▸ **TASK DESCRIPTION**
Apart from the pictures, everything in the lines below must be printed exactly.

----- RECORDED DATA -----

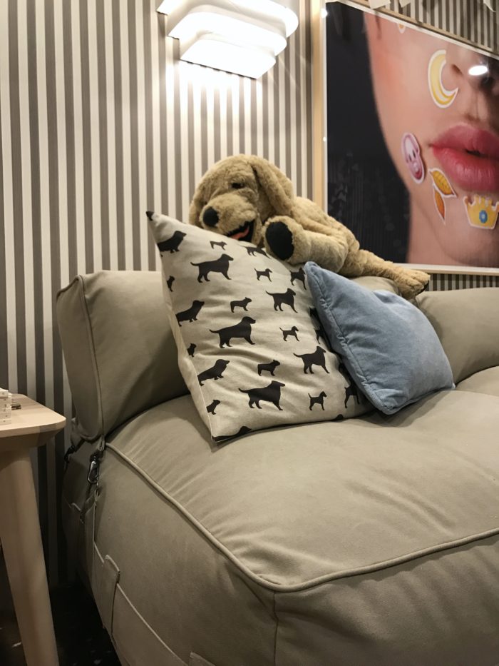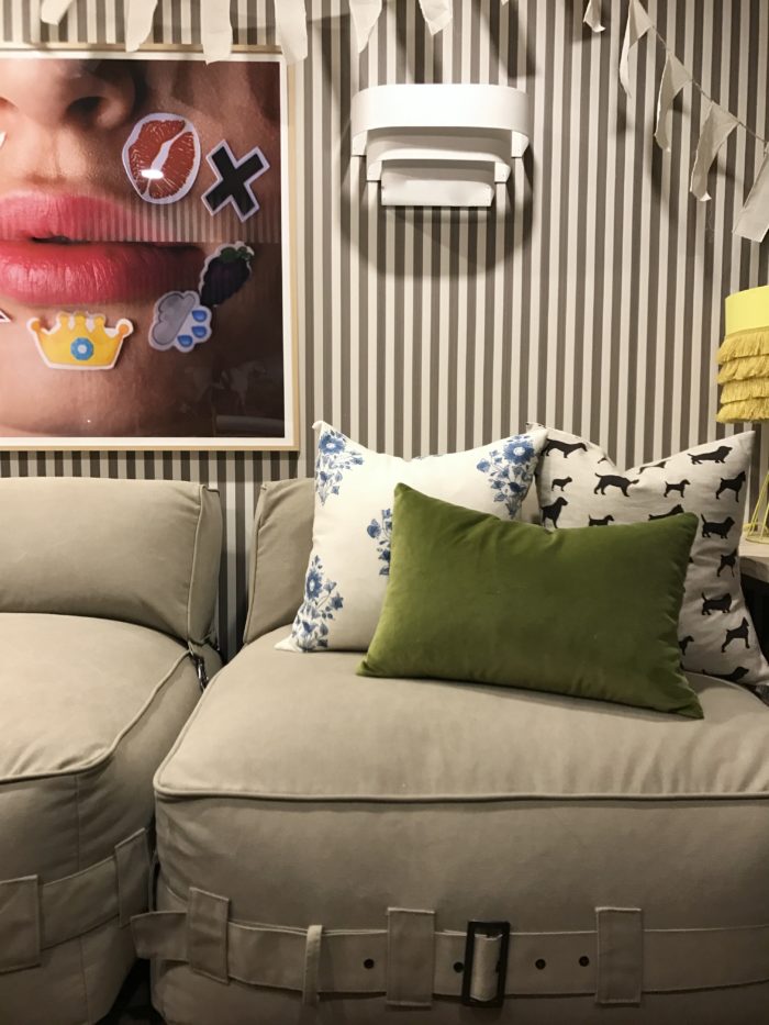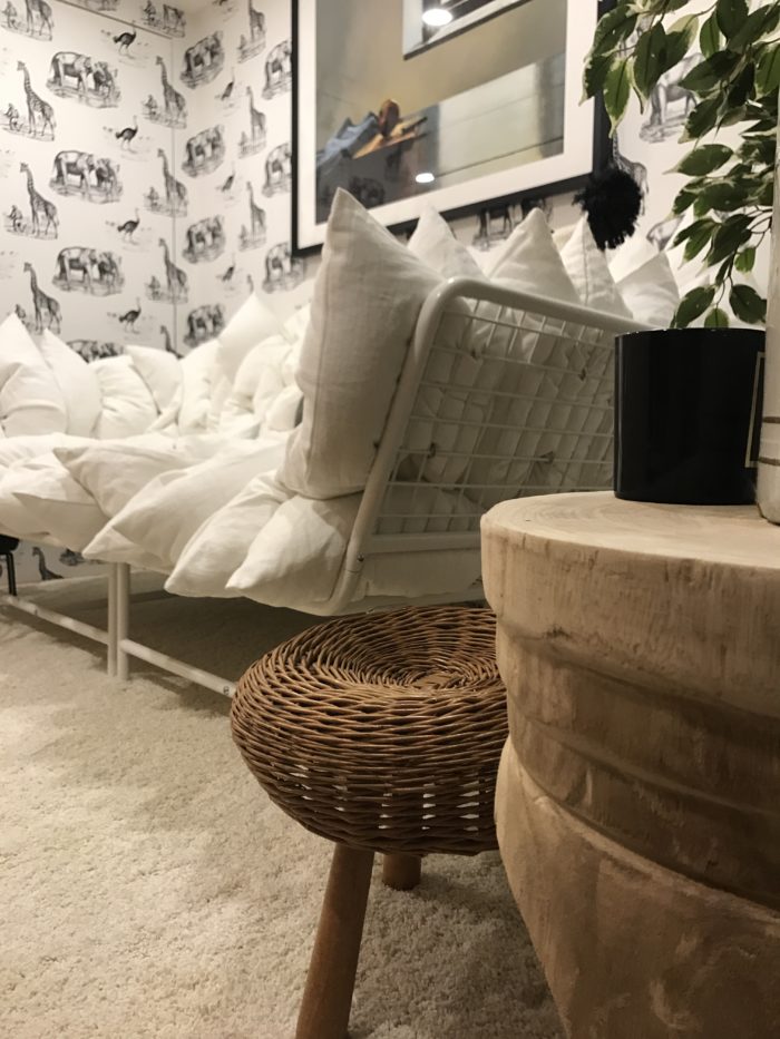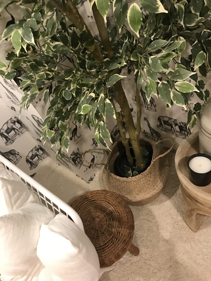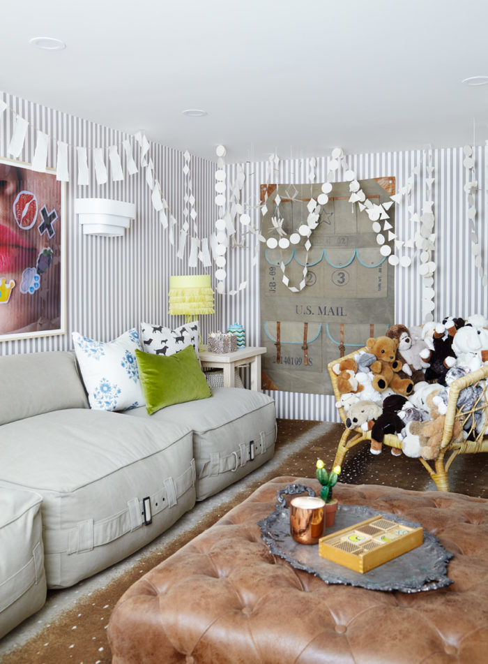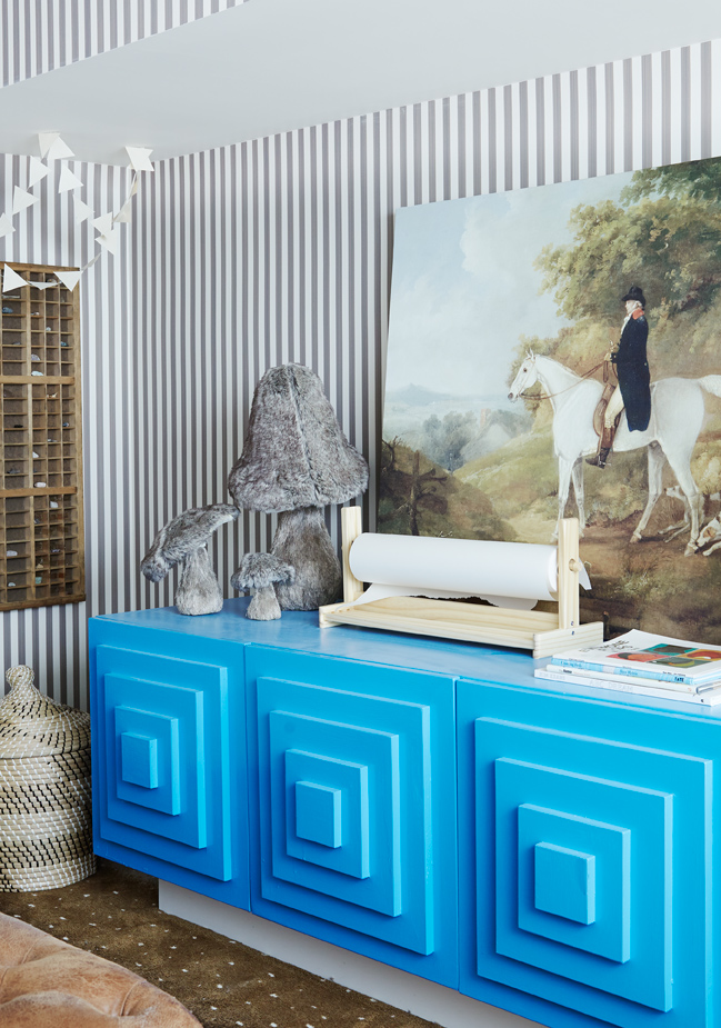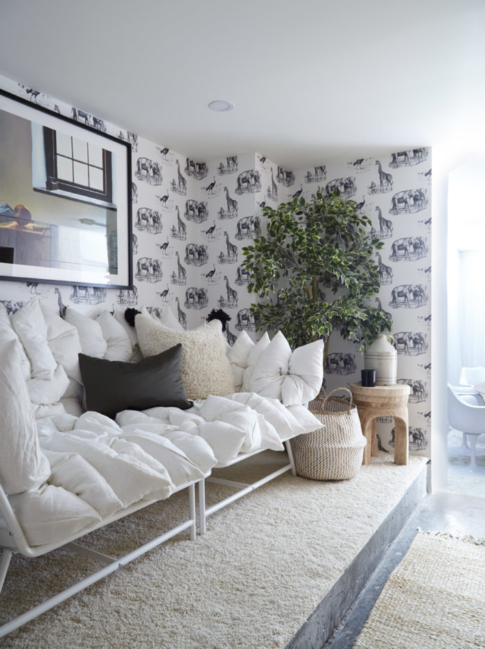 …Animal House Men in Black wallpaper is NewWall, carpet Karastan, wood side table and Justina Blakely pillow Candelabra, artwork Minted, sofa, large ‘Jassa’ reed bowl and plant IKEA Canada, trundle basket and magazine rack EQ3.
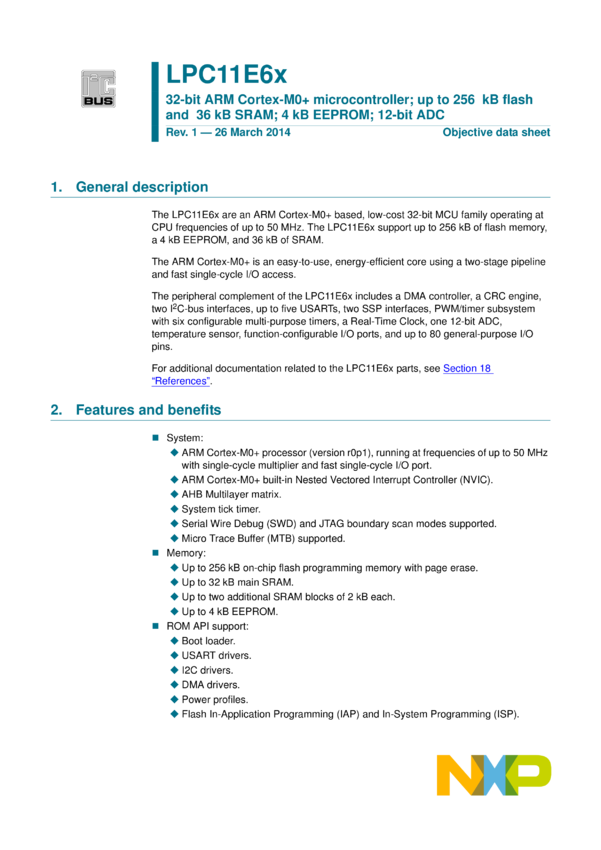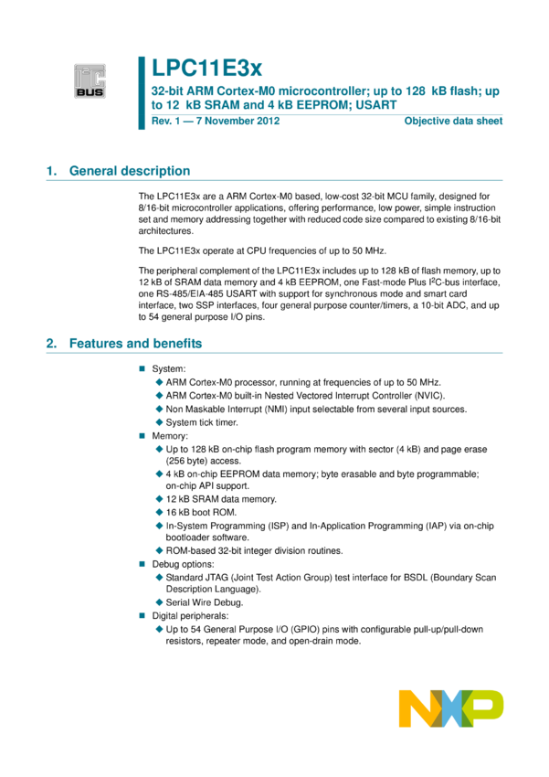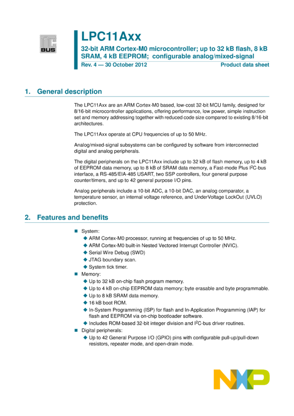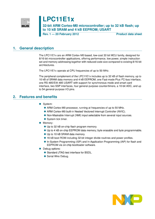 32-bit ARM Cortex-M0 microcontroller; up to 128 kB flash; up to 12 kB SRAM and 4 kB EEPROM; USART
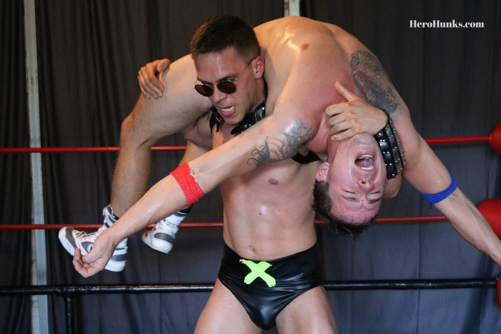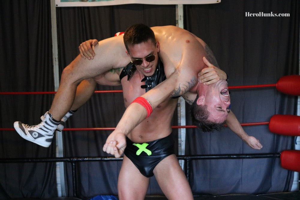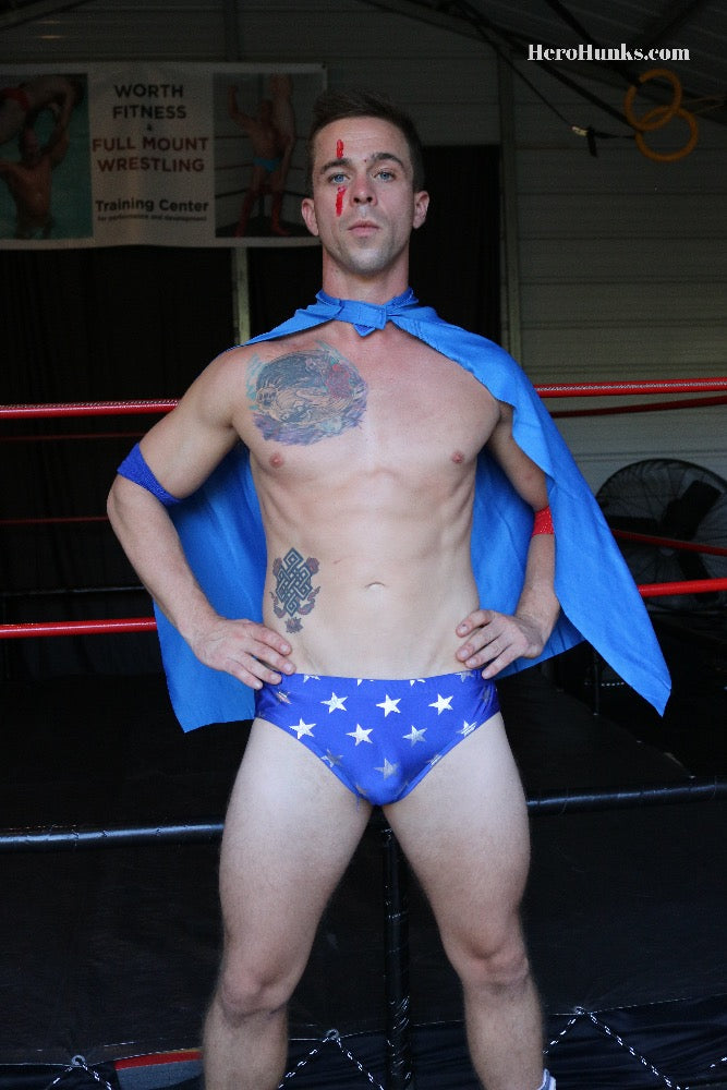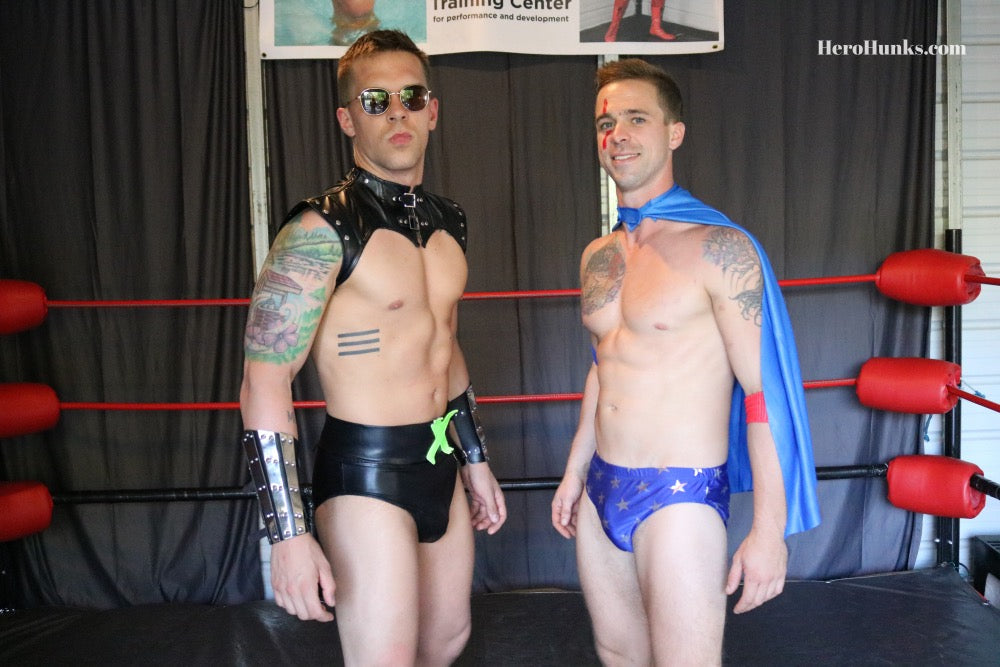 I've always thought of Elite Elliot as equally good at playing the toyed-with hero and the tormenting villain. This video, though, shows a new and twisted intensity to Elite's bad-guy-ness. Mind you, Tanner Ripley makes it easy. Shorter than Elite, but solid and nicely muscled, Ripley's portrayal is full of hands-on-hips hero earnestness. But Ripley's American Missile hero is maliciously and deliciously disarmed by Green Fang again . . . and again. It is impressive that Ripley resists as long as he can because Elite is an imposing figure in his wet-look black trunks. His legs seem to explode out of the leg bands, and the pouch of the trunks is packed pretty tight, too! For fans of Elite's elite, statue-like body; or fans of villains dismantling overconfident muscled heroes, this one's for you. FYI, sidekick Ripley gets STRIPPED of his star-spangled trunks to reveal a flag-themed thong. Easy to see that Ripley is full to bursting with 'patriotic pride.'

-----

▸ **WRITTEN ANSWER**
 …Animal House Men in Black wallpaper is NewWall, carpet Karastan, wood side table and Justina Blakely pillow Candelabra, artwork Minted, sofa, large ‘Jassa’ reed bowl and plant IKEA Canada, trundle basket and magazine rack EQ3.
 32-bit ARM Cortex-M0 microcontroller; up to 128 kB flash; up to 12 kB SRAM and 4 kB EEPROM; USART
 I've always thought of Elite Elliot as equally good at playing the toyed-with hero and the tormenting villain. This video, though, shows a new and twisted intensity to Elite's bad-guy-ness. Mind you, Tanner Ripley makes it easy. Shorter than Elite, but solid and nicely muscled, Ripley's portrayal is full of hands-on-hips hero earnestness. But Ripley's American Missile hero is maliciously and deliciously disarmed by Green Fang again . . . and again. It is impressive that Ripley resists as long as he can because Elite is an imposing figure in his wet-look black trunks. His legs seem to explode out of the leg bands, and the pouch of the trunks is packed pretty tight, too! For fans of Elite's elite, statue-like body; or fans of villains dismantling overconfident muscled heroes, this one's for you. FYI, sidekick Ripley gets STRIPPED of his star-spangled trunks to reveal a flag-themed thong. Easy to see that Ripley is full to bursting with 'patriotic pride.'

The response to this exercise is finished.